Train Diffusion Models with Ostris AI Toolkit

Scroll horizontally to see full form

Ostris AI ToolkitOstrisAI-Toolkit

New Training Job

Job

Model

Quantization

Target

Save

Training

Datasets

Dataset 1

Sample

LTX-2 is an open-weights Diffusion Transformer (DiT) foundation model designed to generate synchronized video and audio within a single model. Unlike "silent" video models, it’s built as a joint audio-video system so motion and sound can line up in time.
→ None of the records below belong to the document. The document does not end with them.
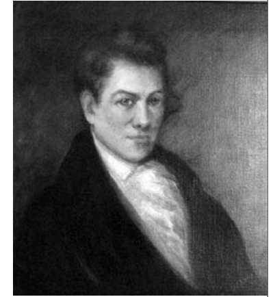
Alabama's third governor, Israel Pickens.
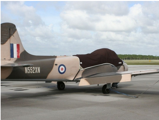
Jet Provost Canopy Cover
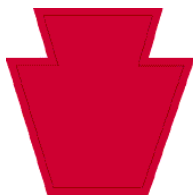
28th Infantry Division Patch
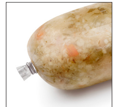
End of the sausage completely clean.
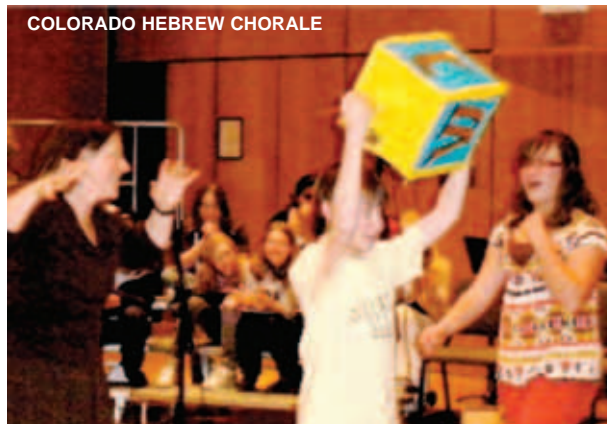
COLORADO HEBREW CHORALE
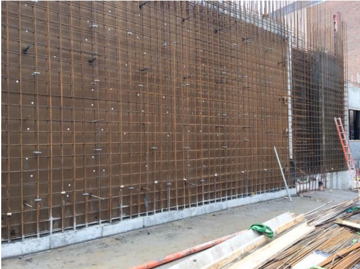
Ground – 1st Floor walls been cast at GL 25b in Corner Building
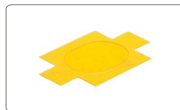
window protection film(included)
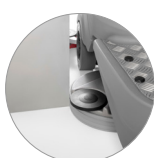
Retractable brush deck, maximum safety and practicality
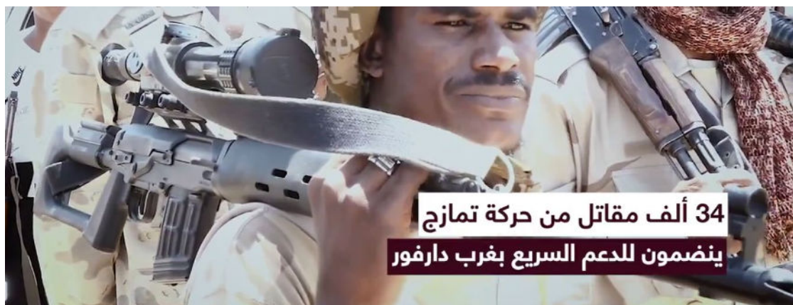
An RSF soldier with a Tigr DMR in El-Geneina, likely in September 2023. 101

Tigr DMRs have been spotted in official RSF videos shot in South, East 97 and West Darfur 98 , in addition to West Khordofan, 99 Khartoum, Omdurman and other locations. 100 While it is impossible to verify when these models were manufactured and transferred - Tigr variants have been produced since the late 1960's - based on several physical features, including buttstock variants, polymer furniture, and their general condition, several Tigr DMRs seen in videos are likely to be relatively recent purchases. Only physical inspection and tracing of the serial numbers on these Tigr DMRs would allow confirmation of this finding.
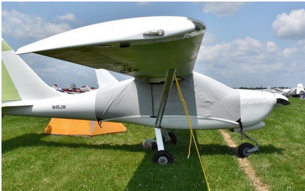
Glstar Travel Cover

This cover type is made from Silver Acrylic Sunbrella canvas and is 100% lined with a soft and smooth microfiber. Bruce's Custom Covers developed this material combination especially for aircraft protection. The outer material is medium weight and treated for water resistance, UV resistance and anti-static buildup. The inner lining is a very soft and smooth microfiber to prevent scratching. The material is very reflective, and tests show that the cabin interior temperature can be reduced to near-ambient temperature on the hottest of days. It is water, ice and snow repellent, yet breathable to allow moisture to escape from between the cover and the aircraft surface.
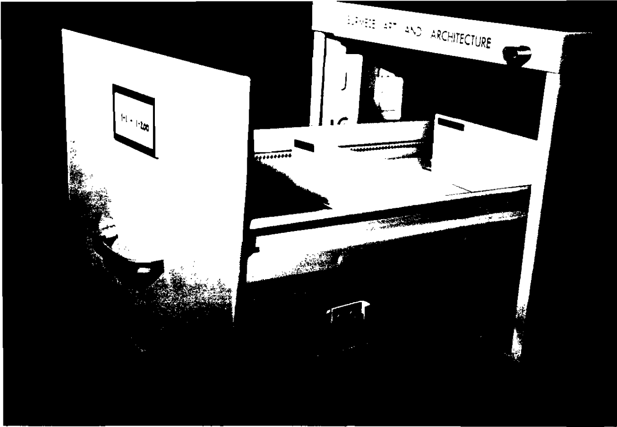
Final Storage in Steelcase cabinets.
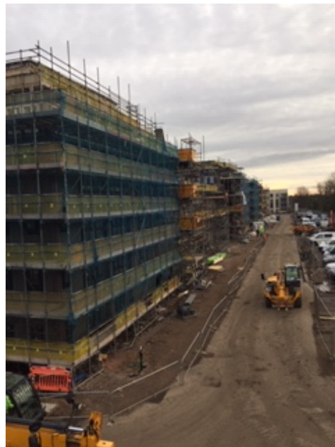
Looking down Phase 2
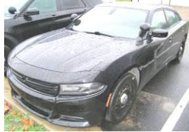
2021 Dodge Charger, AWD,
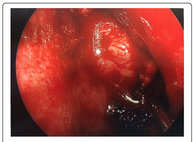
Fig. 3 Abdominal fat onlay graft in left sphenoid in patient #4

flap was otherwise elevated and inlaid in the standard fashion [6]. Patient 1 underwent repair using an Alloderm (Lifecell/Kinetic Concepts, Inc., San Antonio, Texas) inlay/ abdominal fat onlay/contralateral nasoseptal flap. Patient 2 underwent repair using Alloderm onlay/contralateral nasoseptal flap. Patient 3 underwent repair with an ipsilateral middle turbinate free mucosal onlay graft. Patients 4-7 underwent repair with Alloderm inlay/abdominal fat onlay/ ipsilateral nasoseptal flap. Figure 3 shows the abdominal fat onlay graft in place in patient #4, while Fig. 4 shows the ipsilateral nasoseptal flap in place overlying the abdominal fat graft in patient #4. Patients were instructed to avoid lifting >25 pounds for 6 weeks post-operatively and all repairs were bolstered with Surgicel (Ethicon, Inc., Somerville, NJ), Duraseal Sealant (Integra Lifesciences Corporation, Plainsboro, NJ), and Nasopore (Stryker, Kalamazoo, Michigan). Patients 1 and 3 had lumbar drains placed intraoperatively by a Neurosurgeon and were drained at 10 ml per hour for 48 h, clamped for 24 h, and then had the drains removed after 72 h total. Odds ratio
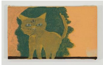
Yu Nishimura "enemy line", 2021 Tempera on canvas 16.3 x 27.4 cm © Yu Nishimura Courtesy of KAYOKOYUKI
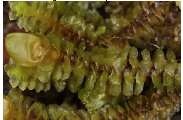
Fig. 8: Scapania scandica
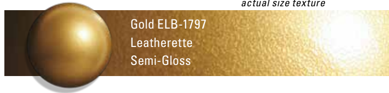
Gold ELB-1797 Leatherette Semi-Gloss
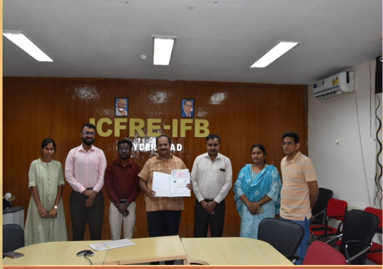
MoU signed between ICFRE-IFB, Hyderabad and School of Agriculture, SR University, Warangal, Telangana

• ICFRE-IFB, Hyderabad signed MoU with School of Agriculture, SR University, Warangal, Telangana on 04<sup>th</sup> March 2025 for accelerate the programme of various discipline of forestry and agroforestry research, education, training and extensions.
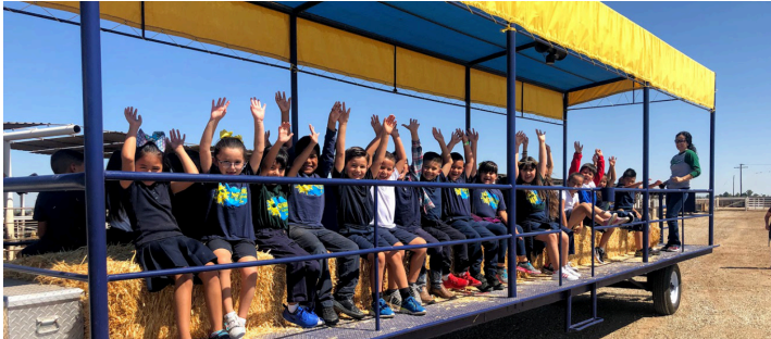
Canceled field trips due to COVID-19 restrictions resulted in approximately 2,244 less participants

University of California | Desert Research and Extension Center
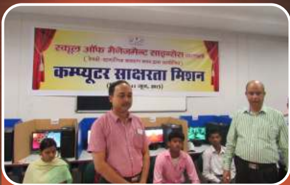
Director & Registrar at Computer Literacy Awareness Program
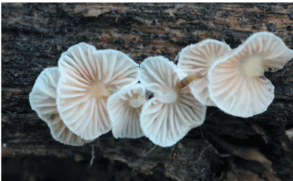
Fig. 1. Entoloma jahni : basidiomata (Slovakia, Štiavnické vrchy Mts., locality called Obyce, 24 July 2008, SLO 1241).
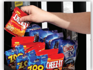
Dispenses All Brand Name Products

Keeps customers satisfied and reduces service calls for misloaded product.
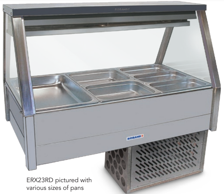
ERX23RD pictured with various sizes of pans

See pages 40 - 42 for all optional accessories.
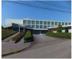
國際教養大學 Akita International University
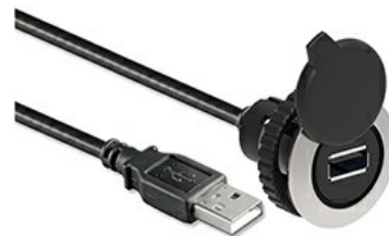
USB interface, A/A female type connection with 0.5m long cable LPFD0
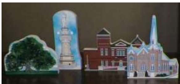
Our four keepsakes are, L-R: The Birthing Tree, Hebe Statue, Warren County Courthouse and First Methodist Church in McMinnville.
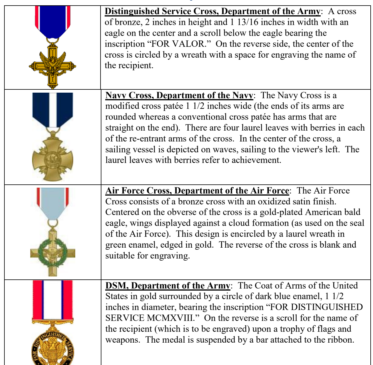
Table 1: Illustration and Description of DoD-wide Decorations
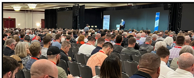
9MARKS AT 9, SBC ANNUAL MEETING
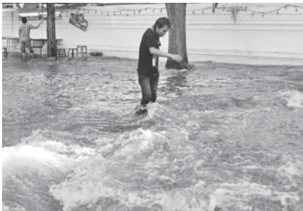
A Thai person wades through floodwaters in Bangkok, Thailand, on 29 Oct, 2011. The complex network of flood defences erected to shield Thailand's capital from the country's worst floods in nearly 60 years was set for a serious test Saturday as coastal high tides approached their peak.

BANGKOK, 29 Oct—Floods engulfing parts of Bangkok should start to recede in the first week of November, the prime minister said Saturday after barriers along the swollen main river prevented a disastrous overflow.
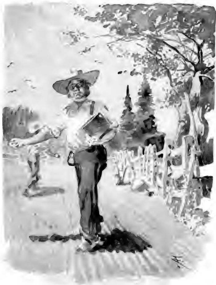
"FLING WIDE THE GENEROUS GRAIN."—Page 24.
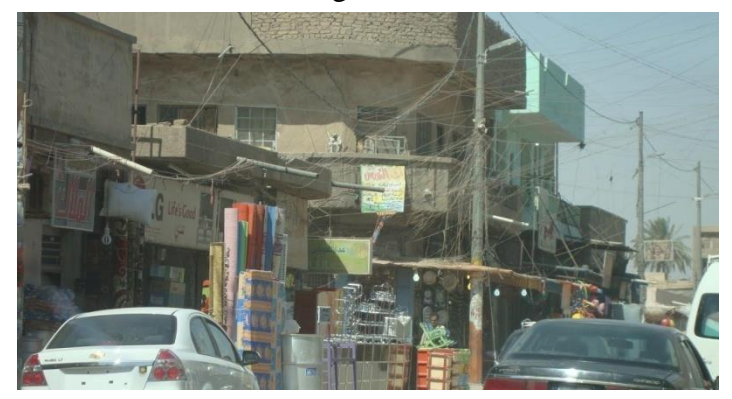
Figure (2): Random distribution of electrical generator wires and significance for places.
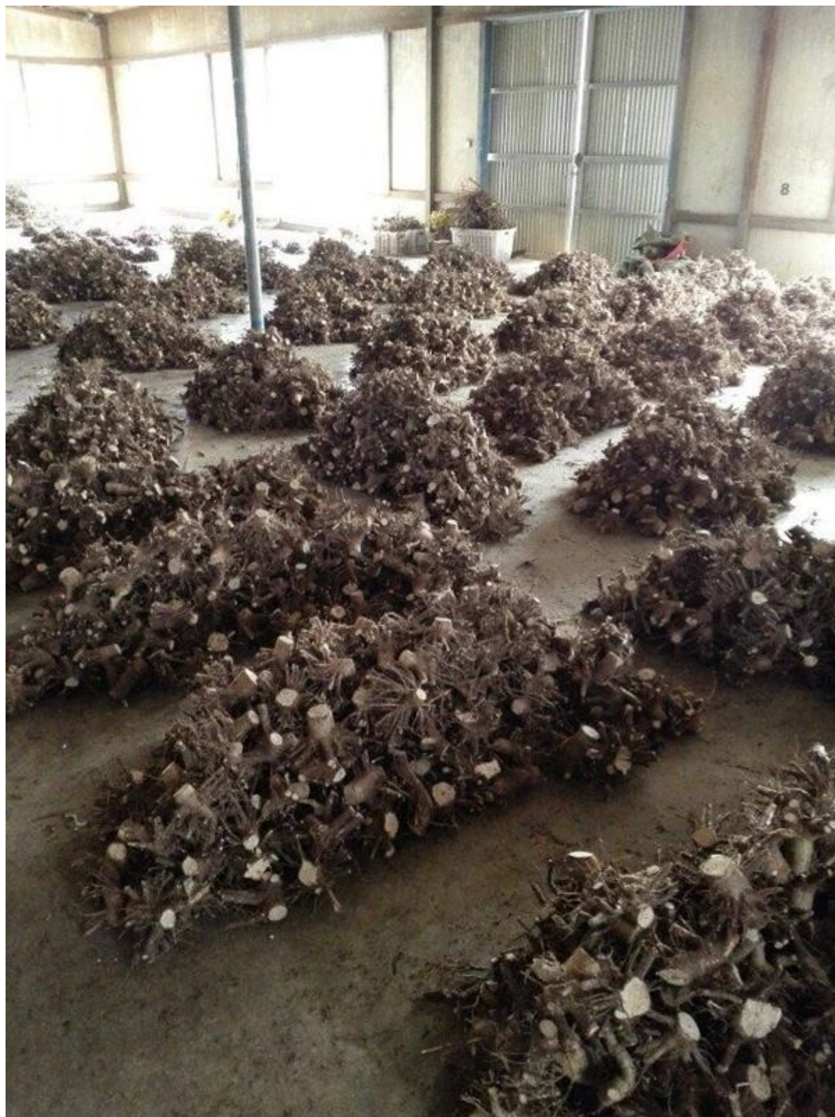
6.Packing paulownia stump
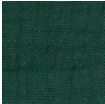
03959.040 OLD GREEN
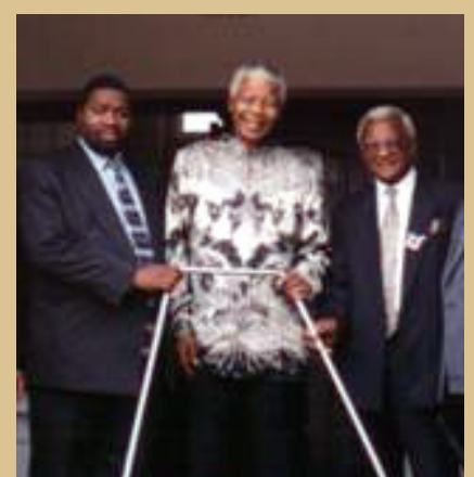
A personal message from former South African President NELSON MANDELA...

4 An established connection could bear additional fruit such as personal friendships, teaching opportunities, pen pals, etc.
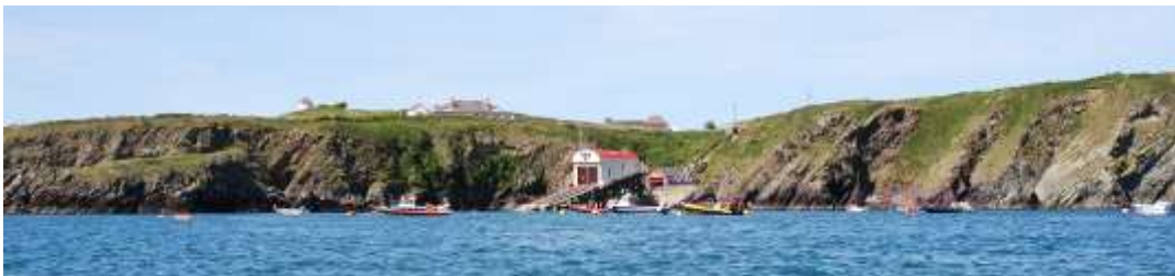
St Justinians from Ramsey Sound
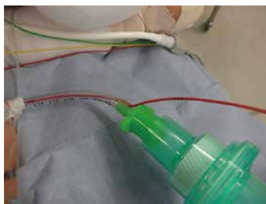
Figure 3. Magnified image of a Fogarty catheter that is inserted through a slip joint into the tracheal tube in case 2. A 4-French Fogarty catheter is inserted into an inner diameter 4.5 mm cuffed tracheal tube via the slip joint. The tip of the Fogarty catheter is guided into the left bronchus using a fiberscope that is inserted through an elbow joint removed to reduce mechanical dead space. One lung ventilation is successfully maintained with a small volume of air leakage.
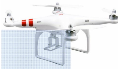
Description: Electric quadcopters (drone) Weight: < 1.5 kg.
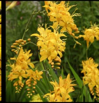
Crocosmia m. 'Rowallane'
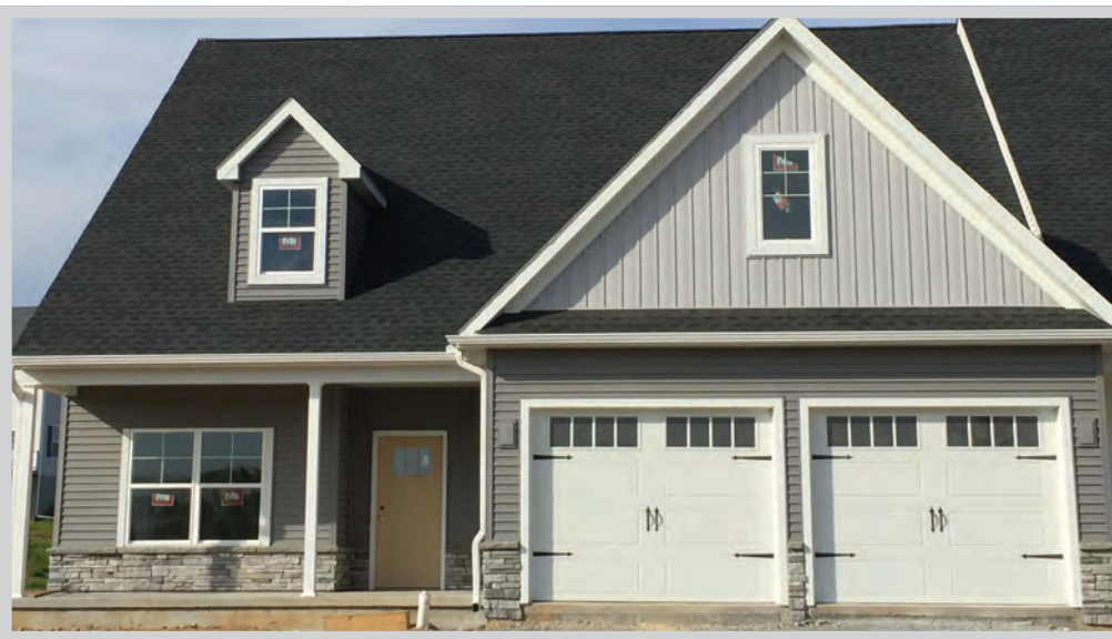
20 Wigeon Way, Elizabethtown – Villas at Featherton Community

the other is in our Willow Bend Farm Community in West Lampeter. Please be sure to stop in and see us during the Parade. We'd love for you to see these beautiful move-in ready homes and the lovely communities they are a part of.
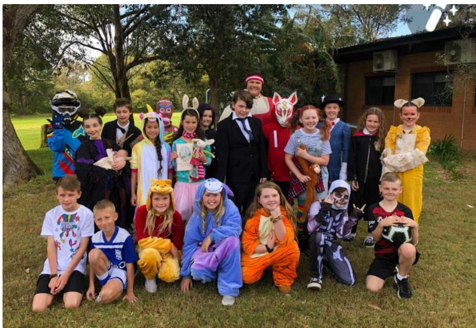
4 Green - Book Parade
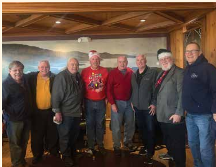
The Class of 1970 got together at The Harp in Cleveland, OH in December 2021.

In the official release, the primary checkpoint family is 19B-class (with a trainable "dev" variant, multiple quantized variants, and an accelerated distilled variant).

This guide focuses on training LTX-2 LoRAs using Ostris AI Toolkit. The goal is to make you productive fast: what LTX-2 is good at, what data to prepare, which AI Toolkit knobs matter, and which settings are usually "safe" for a first run.

If you don’t want to install AI Toolkit locally, you can run it in the browser on RunComfy’s cloud GPUs (H100 / H200).

▶ Start here RunComfy cloud AI Toolkit


Table of contents


1. Why LTX-2 behaves differently from other video LoRA targets

A few LTX-2 specifics directly shape how you should train:

  • Audio-video is native: LTX-2 is built to generate synchronized audio and visuals in one model (not a bolt-on). That’s great for "finished shots" (dialogue, ambience, foley), but it also means that audio-aware finetuning depends on whether your trainer actually updates the audio pathway and cross-modal components (many third-party training stacks start by finetuning video-only).
  • It’s big (19B-class checkpoints): You’ll feel this in VRAM, step time, and the fact that "tiny ranks" often underfit. The official checkpoint list includes:
    • ltx-2-19b-dev (trainable in bf16),
    • dev quantized variants (fp8 / nvfp4),
    • and ltx-2-19b-distilled (accelerated inference, 8 steps, CFG=1).
  • Hard shape constraints: Width/height must be divisible by 32, and frame count must be divisible by 8 + 1 (i.e., 8n+1: 1, 9, 17, 25, …, 121, …). If your input doesn’t match this, you typically need to pad (commonly with -1) and then crop back to the target size/frame count, some pipelines handle this automatically, others will error during preprocessing.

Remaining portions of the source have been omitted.